I remember the JPY chart as if it was chopped up with an axe. So how to trade here. These amplitudes greater than 1000 pips should be structured (by levels of volatility gaps) and the probability of their repetition should be calculated. The probability is high - the Expert Advisor is asleep on this chart. Or you can catch the increase of the gap probability and knowing which way it will go, use pending orders to try to settle it. It is also important to study what happens before the gap - because it is clearly man-made, so they cheat there before the gap in order to concentrate the orders in the opposite direction from the direction of the forthcoming gap. Added.


And I agree about the set. But the set for each timeframe is different. For minutes it's a day, for an hour it's a month, etc. Or you call a set a profitable pattern of quote behavior, which occurs more often? Then yes - a set will be measured by the time of this "pattern's" creation

And those values of quotes history or your predictors (as I understand they are repeating patterns of quote behavior on the chart), which are closer to the current date, should have a greater weight, that is the history for 1 year is of interest only for searching these predictors - the repeating "profit" patterns of quote behavior for the array of predictors and give them a weight according to their detection frequency on the quotes history. The second weight should increase the status of the predictor depending on the proximity to the latest events on the chart.

It's like Mendeleev waking up and telling everything in my sleep. I do not understand it myself))) Good luck, waiting for the results.

100% p.a. and stability in trading. Do not need anything else. Do not overdo it.


Predictor

11.1.5. ЛИНЕЙНЫЙ ПРЕДИКТОР И ФУНКЦИЯ СВЯЗИ
  • lib.alnam.ru
линейный предиктор изменяется на единиц. (Это может быть как реалистичной интерпретацией, так и нереалистичной. В примере с объемом древесины, если радиус ствола дерева увеличивается, то, вероятно, возрастает и его высота.) Ожидаемое значение У связано с линейным предиктором посредством функции связи . В некоторых случаях известны естественные...
 
geratdc:

100% p.a. is not enough, you need a month :)

 
elibrarius:

About the selection of predictors...
Initially added to the model - day of the week. I looked at the trade of the best variant and it turned out that in 40 days (8 weeks) it had learned that you should buy on Thursday and in the test for 10 days (2 weeks) it was buying almost every Thursday bar and was winning. And on other days she either did not trade or made only isolated deals.
Conclusion - I have to remove day of the week to make my trading more balanced. I have tested it now and have a look what will come out.
But I have eliminated it by purely common sense, automated system has considered this predictor to be very important.

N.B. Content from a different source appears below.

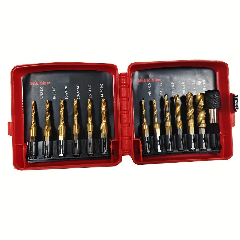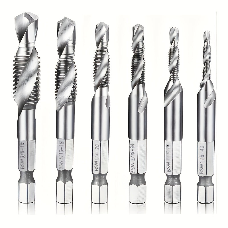 [Titanium Drill Bit Set] GOXAWEE 6pcs Titanium Drill Tap Combination Bit Set - 1/4" Hex Shank Screw Tapping Countersink Drill Bits - Metric Thread M3 M4 M5 M6 M8 M10 Taps Tool for Wood, Plastic & Metal

So it's a bit risky to rely on automation... Although it is possible that the day of the week is the only thing you can see and understand manually, something smaller and not notice

but no... After removing the day of the week, everything remained the same. There are 5 daily bars as a context, maybe it goes there... I have to try it without them
 
elibrarius:
but no... After removing the day of the week, everything remained the same. There are 5 daily bars as a context, maybe it goes there... I would have to try it without them

So it has little effect... how do I know without imports? ) only if you shuffle the values of each of the predictors in turn, retrain and watch how the total error changes

only it can be a surprise that randomly shuffled data will suddenly turn out to be very important :) + long time if there are a lot of chips. So without features it's a sysyphean task.